Records contained in a dataset
▬▬▬▬▬▬
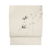 超極細の銀駒の糸が織り込まれた、菱の地紋のあるシャリっとした紋紗の生地のお太鼓に、枝垂れる柳の枝と、そこに飛び交う2羽のツバメの姿が墨色で手描きされた、清涼感のある素敵な九寸名古屋帯です。
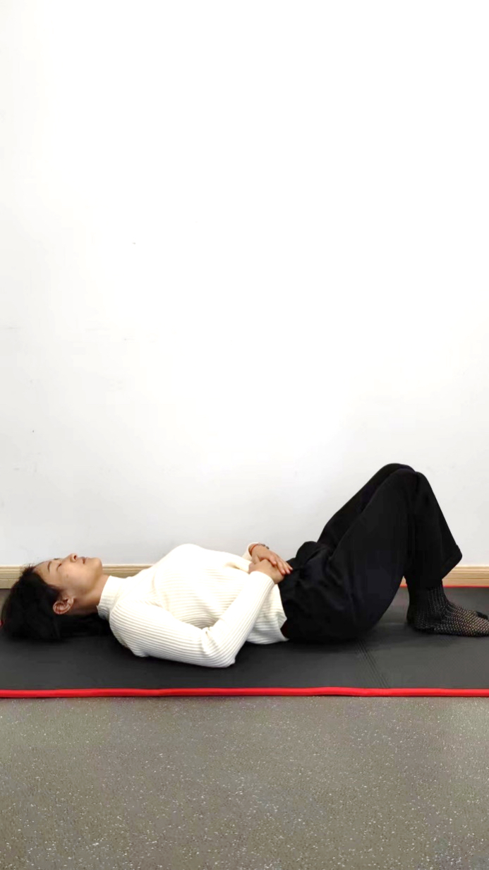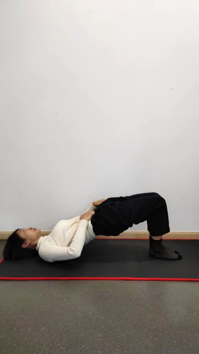 仰躺,双手置于身体两侧,双脚分开与肩同宽,双脚平放地上,使小腿与地面成45°左右夹角,臀部大腿后侧用力使身体抬起至肩髋膝关节在同一线上,保持3-5秒后缓慢放下。每组8次,共3组。
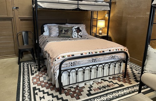 Enjoy a unique stay in our dual purpose lodging and horse barn on our working family farm and ranch spanning over 500 acres. This rustic yet cozy ranch bunkhouse offers a unique experience, blending modern amenities with the restful beauty of the countryside. Whether you’re a horse enthusiast , an RV traveler, or a group of family or friends looking for something uncommon the 4T Bunkhouse has something for everyone. Located close to the Waco area, our Bunkhouse offers easy access to the city attractions and a retreat back to the peacefulness of our rural location.
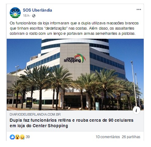 Dupla faz funcionários reféns e rouba cerca de 90 celulares em loja do Center Shopping
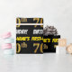 This wrapping paper design features a message like "FIRST-NAME’S 70th BIRTHDAY!", with the "70th" having a faux/imitation gold-like colour appearance, and with the name and "BIRTHDAY" in a fun, bold font. The name is customisable, and the background is coloured black. Wrapping paper like this could perhaps be used when wrapping birthday gifts being given to somebody in celebration of their seventieth birthday. [~Z0000203]
▬▬▬▬▬▬
— TASK BRIEF —
Print exactly, and print only, the lines from the line with "仰躺,双手置于身体两侧,双脚" through the last line of the entries, both ends included. No pictures belong in the result.

— EXPECTED OUTPUT —
 仰躺,双手置于身体两侧,双脚分开与肩同宽,双脚平放地上,使小腿与地面成45°左右夹角,臀部大腿后侧用力使身体抬起至肩髋膝关节在同一线上,保持3-5秒后缓慢放下。每组8次,共3组。
 Enjoy a unique stay in our dual purpose lodging and horse barn on our working family farm and ranch spanning over 500 acres. This rustic yet cozy ranch bunkhouse offers a unique experience, blending modern amenities with the restful beauty of the countryside. Whether you’re a horse enthusiast , an RV traveler, or a group of family or friends looking for something uncommon the 4T Bunkhouse has something for everyone. Located close to the Waco area, our Bunkhouse offers easy access to the city attractions and a retreat back to the peacefulness of our rural location.
 Dupla faz funcionários reféns e rouba cerca de 90 celulares em loja do Center Shopping
 This wrapping paper design features a message like "FIRST-NAME’S 70th BIRTHDAY!", with the "70th" having a faux/imitation gold-like colour appearance, and with the name and "BIRTHDAY" in a fun, bold font. The name is customisable, and the background is coloured black. Wrapping paper like this could perhaps be used when wrapping birthday gifts being given to somebody in celebration of their seventieth birthday. [~Z0000203]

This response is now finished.